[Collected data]
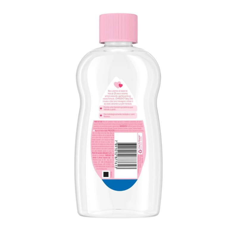 O que é e para que serve? Com uma fórmula suave, que retém 10x mais a hidratação natural da pele*, o Óleo Hidratante JOHNSON'S® Baby, 200mL é ideal para massagear e relaxar seu bebê, formando uma barreira protetora que deixa a pele hidratada e suave. Desenvolvido com óleo de alta qualidade para manter a hidratação natural da pele. Possui fórmula transparente e emoliente que amacia, sendo suave para todas as idades. Dermatologicamente testado. Fórmula com suavidade comprovada, desenvolvida especialmente para a pele do bebê. *Quando aplicado na pele úmida e comparado a uma loção hidratante aplicada na pele seca. Benefícios e diferenciais Forma uma barreira protetora que hidrata a pele. Livre de corantes, parabenos e ftalatos. Testado por dermatologistas. Fórmula com suavidade comprovada, ideal para a pele do bebê. Como usar Para abrir, pressione a tampa para baixo e, mantendo-a pressionada, gire para a esquerda. Para fechar, gire para direita. Coloque uma pequena quantidade do produto na mão e massageie suavemente, com movimentos circulares, a pele do bebê. Indicações de uso: Seguro para todas as idades Composição Paraffinum Liquidum, Parfum (Amyl Cinnamal, Benzyl Alcohol, Benzyl Benzoate, Citronellol, Geraniol, d-Limonene, Linalool), Tocopheryl Acetate. Precauções Mantenha fora do alcance de crianças. Conservar em local fresco, seco e ao abrigo da luz solar direta. Deve ser aplicado por adulto ou sob sua supervisão. Não usar na pele irritada ou lesionada. Em caso de irritação, suspender o uso e procurar um médico. Evitar contato com mucosas e os olhos. Caso o produto entre em contato com o olho, lavar com água corrente em abundância e procurar um médico.
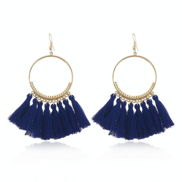 Tassel Earrings for Women Ethnic Big Drop Earrings Bohemia Fashion Jewelry Trendy Cotton Rope Fringe Long Dangle Earrings(Royal blue)
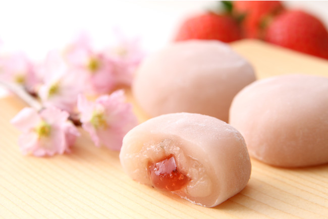 毎年大人気の「ちとせのさくらいちご餅」は栃木県産とちおとめを使用した甘酸っぱいいちごソースを
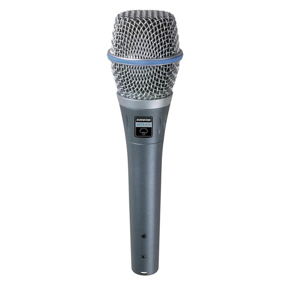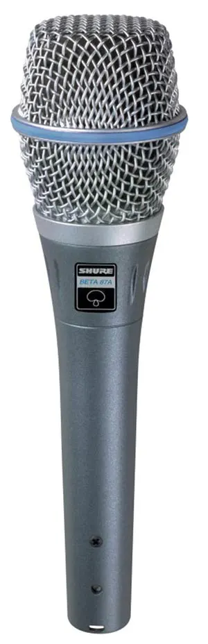 The Shure BETA®87A is a premium quality supercardioid hand-held electret condenser vocal microphone with exceptionally smooth frequency response and high sound pressure level capability. Used for professional sound reinforcement, broadcasting, and studio recording applications, the Beta 87A combines superb performance with the ruggedness needed for touring and field production.
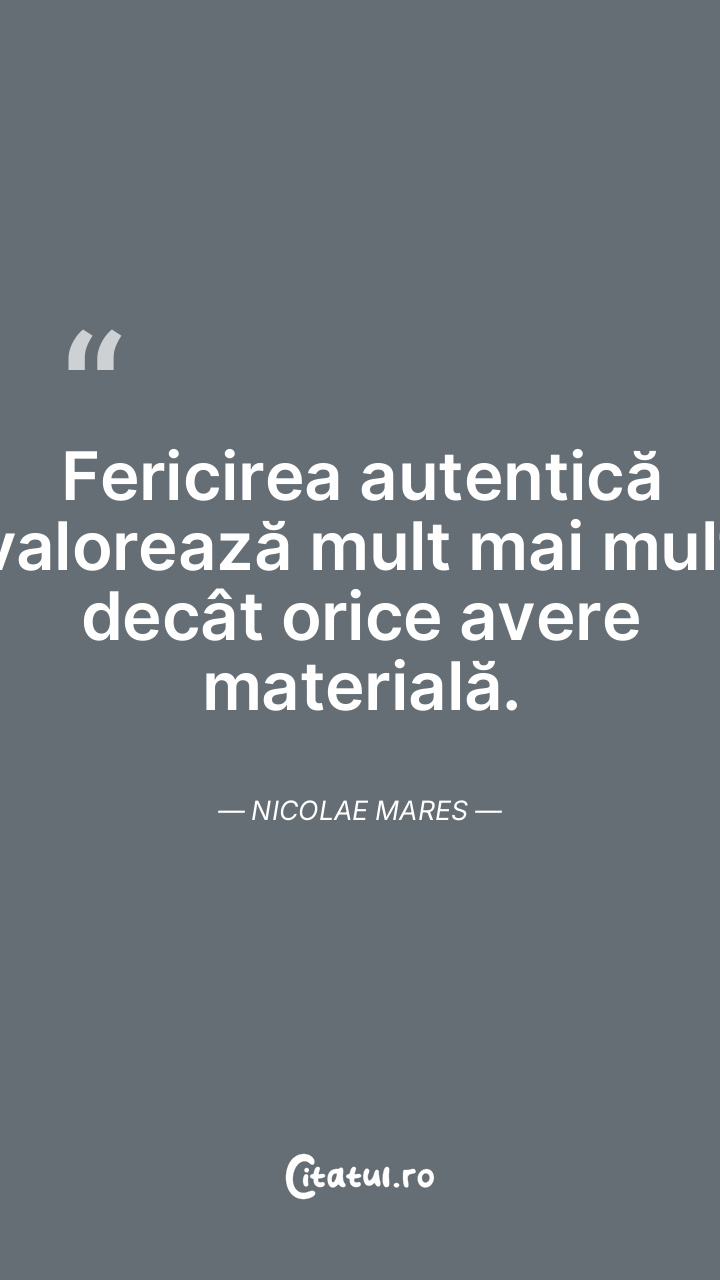 Fericirea autentică valorează mult mai mult d ... Citește tot citatul >
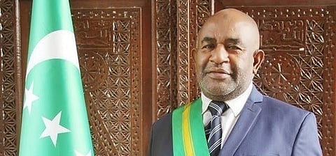 وكان في وداعه بمطار الملك خالد الدولي سفير جمهورية القُمُر المتحدة لدى المملكة الحبيب عباس، ومندوب عن المراسم الملكية.
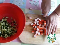 Крабовые палочки нарезаем кружочками (примерно 5 мм шириной). |

## WHAT THE EXERCISE ASKS
Leaving out every picture, transcribe exactly the lines from the line that contains "毎年大人気の「ちとせのさくら" through the final line of the entries above.

## WRITTEN ANSWER
 毎年大人気の「ちとせのさくらいちご餅」は栃木県産とちおとめを使用した甘酸っぱいいちごソースを
 The Shure BETA®87A is a premium quality supercardioid hand-held electret condenser vocal microphone with exceptionally smooth frequency response and high sound pressure level capability. Used for professional sound reinforcement, broadcasting, and studio recording applications, the Beta 87A combines superb performance with the ruggedness needed for touring and field production.
 Fericirea autentică valorează mult mai mult d ... Citește tot citatul >
 وكان في وداعه بمطار الملك خالد الدولي سفير جمهورية القُمُر المتحدة لدى المملكة الحبيب عباس، ومندوب عن المراسم الملكية.
 Крабовые палочки нарезаем кружочками (примерно 5 мм шириной). |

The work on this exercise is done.